李传鸿,俞兴,熊洋,杨永栋,王逢贤,赵赫

• 1:北京中医药大学东直门医院骨科
• 2:清华大学材料学院

摘要(Abstract)：

[目的]观察单节段Bryan人工颈椎间盘置换术（artificial cervical disc replacement, ACDR）远期随访的运动学结果。[方法]回顾性分析2010年1月—2013年3月于本院行单节段Bryan ACDR且末次随访手术节段活动度（range of motion,ROM）>5°的38例患者的临床资料。观察临床与影像结果。[结果] 38例患者均顺利完成手术，无严重并发症。随访84～118个月，平均（93.97±9.67）个月。末次随访时，患者颈椎病相关症状明显改善，JOA评分较术前明显升高（P<0.05）,NDI评分、颈痛及上肢痛VAS评分较术前显著降低（P<0.05）。至末次随访期时，所有患者均未出现症状加剧，无再次入院，无翻修手术。
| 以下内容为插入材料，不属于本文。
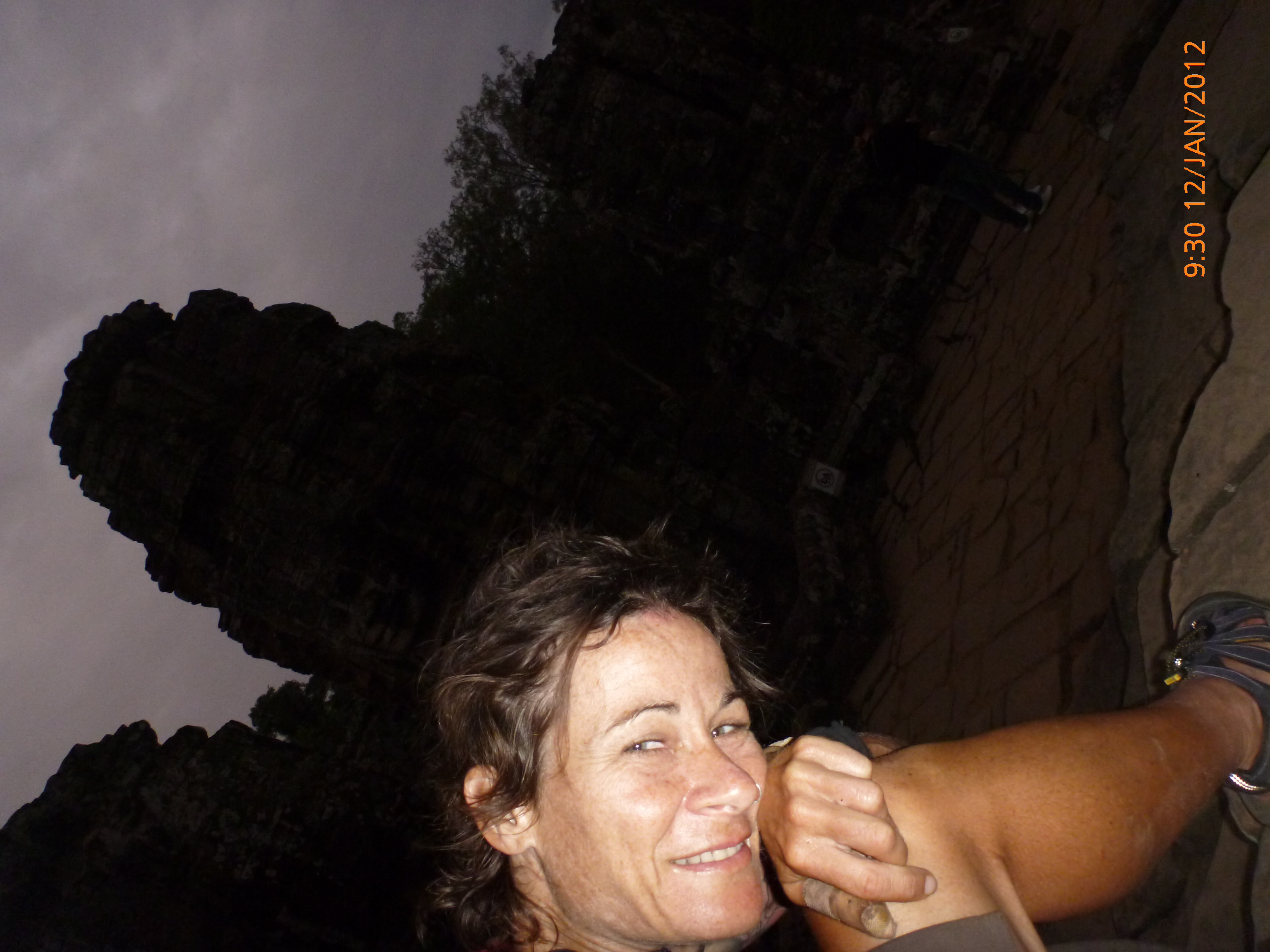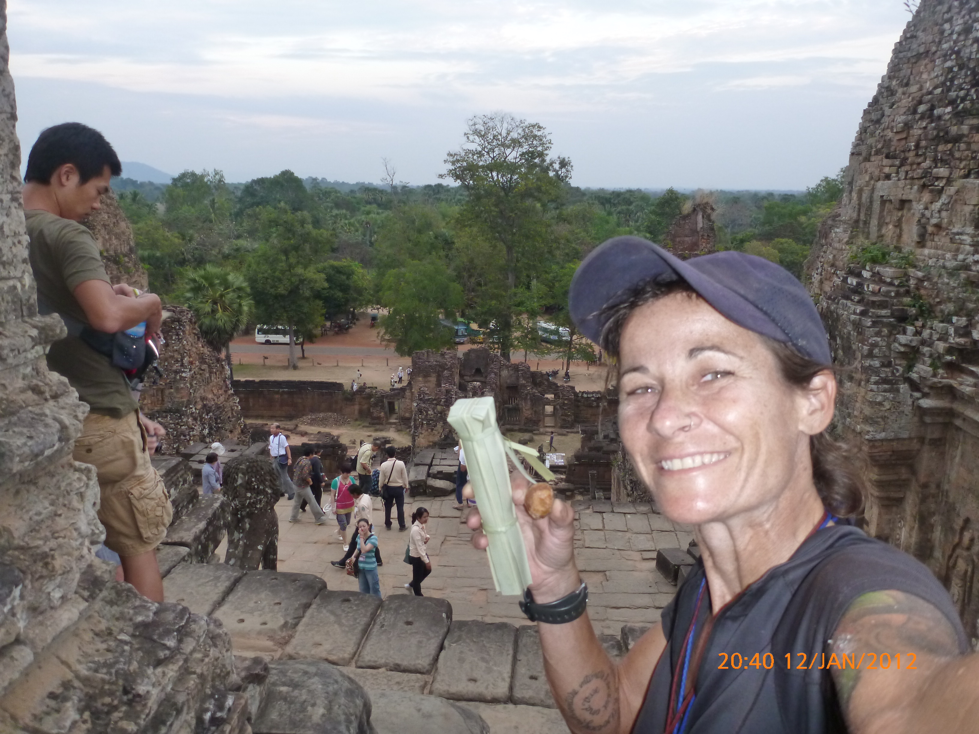 Day 42 1038 days to go. Distance: today 82km total 2222km . It’s 4.45pm wednesday 11/1/2012 Banteay Srei. I’m sitting in front of my favorite temple by far. Lonely planet calls it the art gallery of Angkor and it is. It’s a jewel. A Hindu temple dedicated to shiva cut from pinkish sandstone that glows this time of day giving perfect compliment to the finest stone carvings seen on earth. Shiva is the hindu deity. The exquisite detail of these carvings is jaw dropping and it’s beyond comprehension that it is carved let alone carved in stone. It’s crazy. The designs are very feminine and delicate clearly for a chick to which the pink hues accessorize perfectly. The temple dates back to 967AD and the gemstone in my books. But then again I’m a chick 🙂 This morning started perfect with a Skype date with my partner I love Skype. Then I booked my seat on the 6.30am return bus to phenom phen Friday and found where the main bus station is different to where I arrived. Next I found the post office to send my postcard friend Robbie her Cambodian one x my last ‘have to’ was to but some tinidazole antibiotics as I most likely have guardia bug going by the symptoms which are very specific as anyone who’s had it will know eeek. After this I headed back to Angkor watt to check out the temple. It was such a treat just to wonder and explore this crowd pleaser. It’s so massive there’s heaps of spots on the far sides away from the tourist route you can just sit and take it in. The sandstone blocks from which Angkor watt was built were floated down the seim reap river on rafts. When you see the size and PprocOye the weight each stone must weight this is mind blowing considering the labour and era this feat was achieved. The temple has three stories the first being galleries of wall impressions and Buddha statues. the second and third stories are domed each with towers shaped like lotus buds. The stairs to the central temple measuring 50m are deliberately steep because reaching the kingdom of the gods should never be an easy task. I’ve had so much relaxed fun today with a good ride out here this arv through tree lined backroads and small villages. The villages are selling creaming palm sugar boiled on wok shaped urns on the roadside over a fire in clay made kiln. It looks as great as it tastes and I scored a huge tub for $1. It tastes like crystal used honey yum. I had to stop at another tiny stall with an extended family sitting by their half dozen bunches of bananas which I relieved them of 1 for 50c and a group photo. We all had giggles trying to squeeze in the 3 generations and me but managed just. It’s been such a cool day loving it and the space here in the late afternoon light tops it. Tomorrow I have a couple of options where to head and will decide later over dinner. There will definitely be choice sun rise and sunset spots to end what’s been an epic visit to ancient Angkor. Talk soon x ps the police man on guard duty let me in the ropes area to take the last of my pickies good cop story nice. Bit of a long headtorch ride home but worth it x

影像方面，与术前相比，末次随访时颈椎整体曲度和手术节段曲度均显著增加（P<0.05），而颈椎整体ROM、手术节段ROM、上邻节段ROM和下邻节段ROM，以及COR-X和COR-Y均无显著改变（P>0.05）。相关分析表明，末次随访时COR-Y与手术节段ROM呈显著负相关（P<0.05），与手术节段平移距离呈显著负相关（P<0.05）；此外，手术节段ROM与同节段平移距离呈正相关（r=0.772,P<0.05）。COR-Y与其他临床和影像指标均无明显相关性（P>0.05），而COR-X与任何指标均无相关性（P>0.05）。[结论]单节段Bryan ACDR 7年以上随访临床疗效与影像结果满意。末次随访时手术节段COR-Y与平移、ROM的关系与正常颈椎节段类似，这有助于模拟颈椎生理运动模式。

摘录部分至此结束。